• **About this task**: Each line below from the line with "It was just" to the line with "GO enrichment analysis" must be copied exactly, including those two, and no picture may appear in the copy.

• **Data shown**:
────────────────────────────────────────

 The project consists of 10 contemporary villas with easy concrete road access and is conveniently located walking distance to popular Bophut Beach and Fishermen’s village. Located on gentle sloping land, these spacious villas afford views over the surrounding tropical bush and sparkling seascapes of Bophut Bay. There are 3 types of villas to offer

────────────────────────────────────────

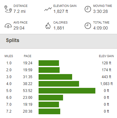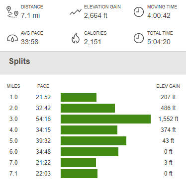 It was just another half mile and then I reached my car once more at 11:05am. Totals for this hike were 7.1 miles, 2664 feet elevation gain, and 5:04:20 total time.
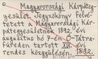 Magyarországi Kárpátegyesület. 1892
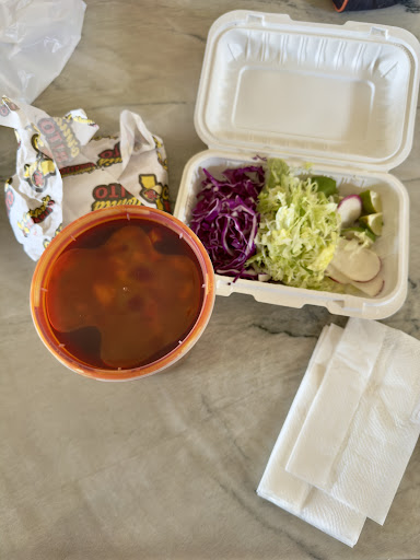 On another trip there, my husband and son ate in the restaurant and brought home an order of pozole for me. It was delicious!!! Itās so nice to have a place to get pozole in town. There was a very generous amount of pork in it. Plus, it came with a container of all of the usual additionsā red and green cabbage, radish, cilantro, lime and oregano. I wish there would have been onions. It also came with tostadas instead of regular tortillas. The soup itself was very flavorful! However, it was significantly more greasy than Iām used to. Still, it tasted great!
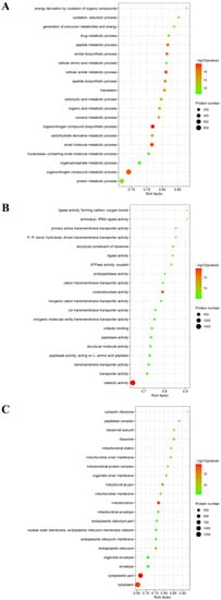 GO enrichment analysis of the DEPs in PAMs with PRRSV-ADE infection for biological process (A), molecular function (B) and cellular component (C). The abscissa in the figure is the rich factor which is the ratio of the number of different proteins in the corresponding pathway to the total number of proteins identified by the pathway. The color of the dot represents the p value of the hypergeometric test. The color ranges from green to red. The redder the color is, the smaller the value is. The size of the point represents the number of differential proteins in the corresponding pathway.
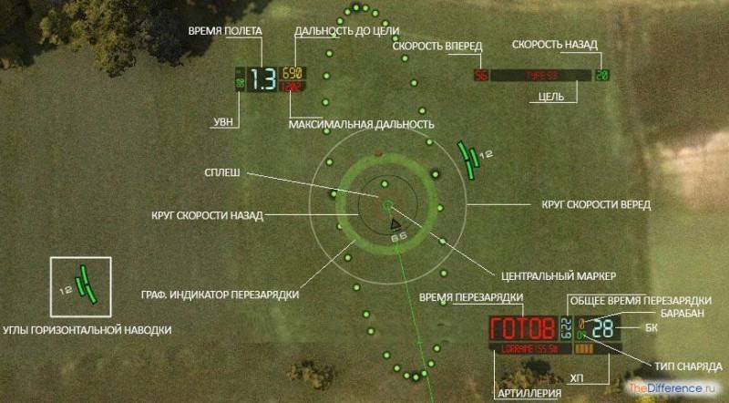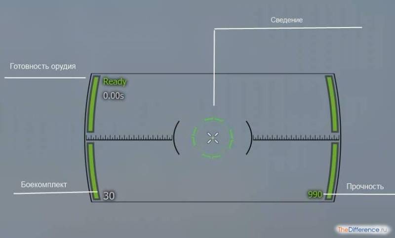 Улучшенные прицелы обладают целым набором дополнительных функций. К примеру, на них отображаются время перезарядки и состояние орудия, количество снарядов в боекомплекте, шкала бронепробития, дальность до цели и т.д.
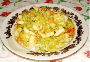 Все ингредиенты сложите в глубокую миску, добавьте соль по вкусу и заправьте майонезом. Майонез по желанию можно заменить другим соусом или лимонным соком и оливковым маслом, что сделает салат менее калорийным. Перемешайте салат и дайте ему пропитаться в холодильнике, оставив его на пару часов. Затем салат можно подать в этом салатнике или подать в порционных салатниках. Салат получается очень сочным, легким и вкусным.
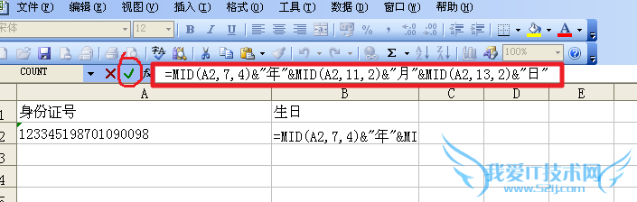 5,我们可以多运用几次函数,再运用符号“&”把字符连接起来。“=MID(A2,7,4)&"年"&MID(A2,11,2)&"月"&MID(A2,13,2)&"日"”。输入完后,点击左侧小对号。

────────────────────────────────────────

• **Task solution**:
 It was just another half mile and then I reached my car once more at 11:05am. Totals for this hike were 7.1 miles, 2664 feet elevation gain, and 5:04:20 total time.
 Magyarországi Kárpátegyesület. 1892
 On another trip there, my husband and son ate in the restaurant and brought home an order of pozole for me. It was delicious!!! Itās so nice to have a place to get pozole in town. There was a very generous amount of pork in it. Plus, it came with a container of all of the usual additionsā red and green cabbage, radish, cilantro, lime and oregano. I wish there would have been onions. It also came with tostadas instead of regular tortillas. The soup itself was very flavorful! However, it was significantly more greasy than Iām used to. Still, it tasted great!
 GO enrichment analysis of the DEPs in PAMs with PRRSV-ADE infection for biological process (A), molecular function (B) and cellular component (C). The abscissa in the figure is the rich factor which is the ratio of the number of different proteins in the corresponding pathway to the total number of proteins identified by the pathway. The color of the dot represents the p value of the hypergeometric test. The color ranges from green to red. The redder the color is, the smaller the value is. The size of the point represents the number of differential proteins in the corresponding pathway.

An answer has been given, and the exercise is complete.